From the February 2024 issue of Apollo. Preview and subscribe here.
‘Multiple Realities: Experimental Art in the Eastern Bloc, 1960s–1980s’ opens with a crumpled black-and-white photograph – more precisely, with a painting of one. Aluljaro I (Underground Passage I) from 1975 by the Hungarian artist Laszlo Feher is part of a series of photorealist renderings of passengers descending to or emerging from the Budapest underground, captured at oblique angles more suggestive of spying than portraiture. It is a fitting start to an exhibition in which almost nothing is exactly as it seems. As the title suggests, artists working in the Soviet satellite states experienced reality as something volatile and unfixed, as they moved between the spheres of a bureaucratic officialdom – the rules of which could change in an instant – and the spaces of relative freedom they managed to carve out within it.
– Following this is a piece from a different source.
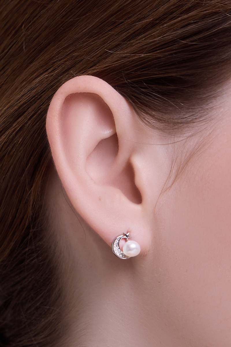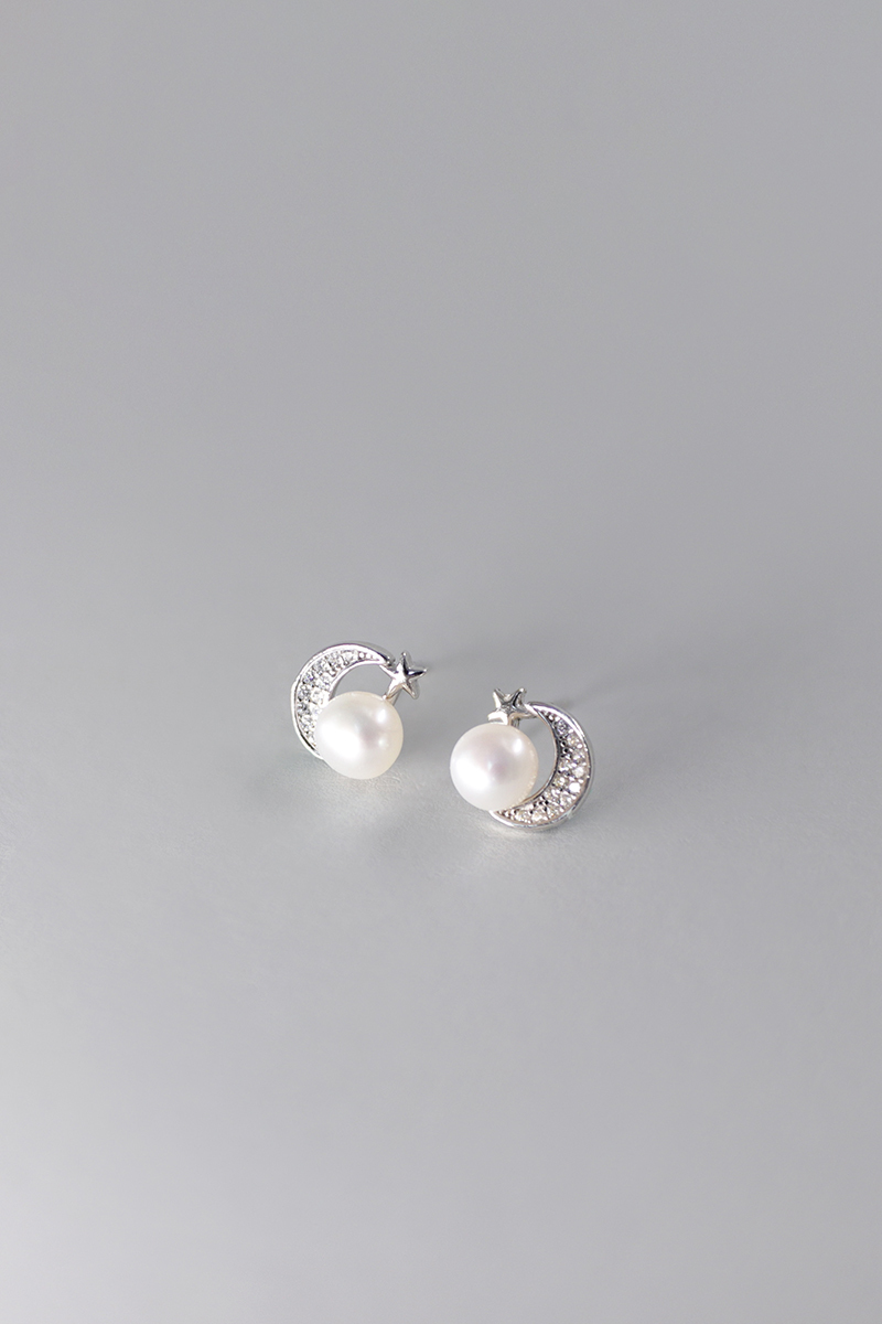 商品名稱:【925純銀】珍珠月亮。銀針耳環

More literally, ‘multiple realities’ aptly characterises the region in this period: what was possible in Poland or Yugoslavia was not necessarily possible in Romania or East Germany. Conditions varied widely not only from country to country, but also year to year: in the mid 1960s, Prague was among the most permissive cities in the Bloc, evident in public actions such as The Aktual Walk – Demonstration for All Senses (1964), a Fluxus-inspired Happening by Milan Knizak; after the brutal repression of the Prague Spring in 1968, experimental art was forced underground. Accordingly, curator Pavel Pys dispenses with chronology, dividing the show into four thematic sections supplemented by ‘content rooms’ providing context in the form of archival images and text panels.
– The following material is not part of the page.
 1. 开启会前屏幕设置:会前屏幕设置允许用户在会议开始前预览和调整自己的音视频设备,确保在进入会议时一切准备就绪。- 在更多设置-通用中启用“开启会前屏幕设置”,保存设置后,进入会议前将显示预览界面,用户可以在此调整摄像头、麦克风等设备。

The first section, ‘Public and Private Spaces of Control’, explores the effects of mass state surveillance upon artists, many of whom appropriated its forms and techniques to comment on its total mediation of everyday life. Throughout the 1970s, Czech artist Jiri Kovanda performed nearly invisible actions in public space – for instance, turning around to stare at the person behind him on an escalator – displayed as a series of typewritten reports accompanied by photographs taken from a distance by an accomplice. Ion Grigorescu’s photo series Electoral Meeting (1975), taken with a concealed camera, documents undercover agents of the Romanian Securitate conspicuously monitoring the crowd at a Party rally.
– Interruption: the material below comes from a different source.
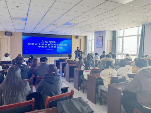 为扎实推进汉语言文学及秘书专业2022级毕业生实习就业工作,强化员工实践能力与职业素养,践行专业教学计划要求,助力毕业生高质量就业,3月3日上午,汉语言文学及秘书专业在文华楼1604召开2022级毕业实习动员会。汉语系主任陈硒、秘书系主任姜磊、汉语系教师宋歌与2022级毕业生共同参会。

By contrast, the ‘Dimensions of the Self’ section turns from the scrutiny of the public sphere to the intimacy of bodily sensation, with an emphasis on explorations of gender and sexuality by women and queer artists, including a display of exquisite sculptures abstracting the female form by Maria Pininska-Beres, Eva Kmentova, Alina Szapocznikow, and Barbara Falender. A number of the works take the form of private performances staged for a small audience of trusted friends – or, in some cases, exclusively for the camera – which reached a wider public only after the fall of the Wall. There are several grids of staged photographs by the East German artists Cornelia Schleime and Gabriele Stötzer, friends and frequent collaborators in the 1980s who often posed for one another in eccentric or confining costumes. Collaboration outside of the enforced norms of state collectivity is also the subject of the ‘Being Together’ section. It ranges from riotous countercultural artefacts such as Andrzej Urbanowicz’s double-sided painting Jezioro Ducha (‘Spirit Lake’) from 1970, made under the influence of LSD and the Rolling Stones, to Julius Koller’s sprawling participatory artwork J.K. Ping-Pong Club, begun in Bratislava in 1970 and continued until the artist’s death in 2007.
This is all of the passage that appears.